Application of 40497-11-8,Some common heterocyclic compound, 40497-11-8, name is Ethyl 2,3-dicyanopropanoate, molecular formula is C7H8N2O2, traditional synthetic route has been very mature, but the traditional synthetic route has various shortcomings, such as complicated route, low yield, poor purity, etc, below Introduce a new synthetic route.

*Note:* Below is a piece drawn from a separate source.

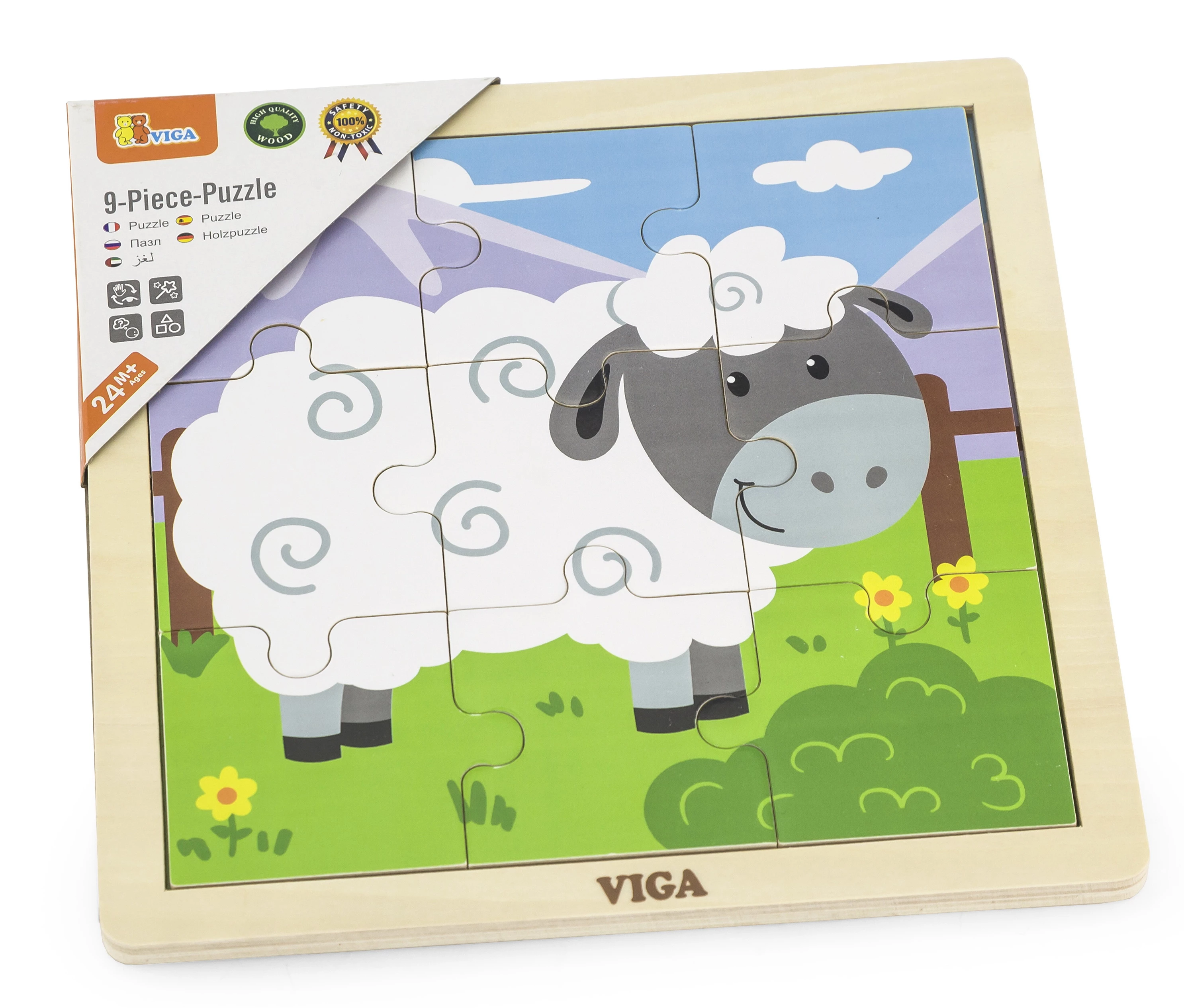 Мила пухнаста овечка пасеться на зеленому лузі. Такий барвистий і яскравий пазл точно сподобається малюку і захопить його на години. Набір зроблений з дерева, всі края добре відшліфовані. Дитина повинна правильно зібрати 9 елементів в дерев'яній рамці, розвиваючи координацію роботи рук і очей.

A solution of ethyl 2,3-dicyanopropanoate (1.58 g, 10.38 mmol) in methanol (52 mL) and pyridine (2.52 mL, 31.14 mmol) was cooled to 10C with an ice bath. Benzenediazonium tetrafluoroborate was added in portions over 20 minutes at 10C and the reaction stirred at room temperature for 18 hours. The reaction was concentrated in vacuo and partitioned between DCM and water. The organic layer was dried over magnesium sulphate and concentrated in vacuo to afford the title compound (2.8 g, 28%). 1 H NMR (400MHz, CDCI3): delta ppm 3.62 (s, 2H), 7.05-7.25 (m, 3H), 7.36 (m, 2H).

These compound has a wide range of applications. It is believed that with the continuous development of the source of the synthetic route Ethyl 2,3-dicyanopropanoate, its application will become more common.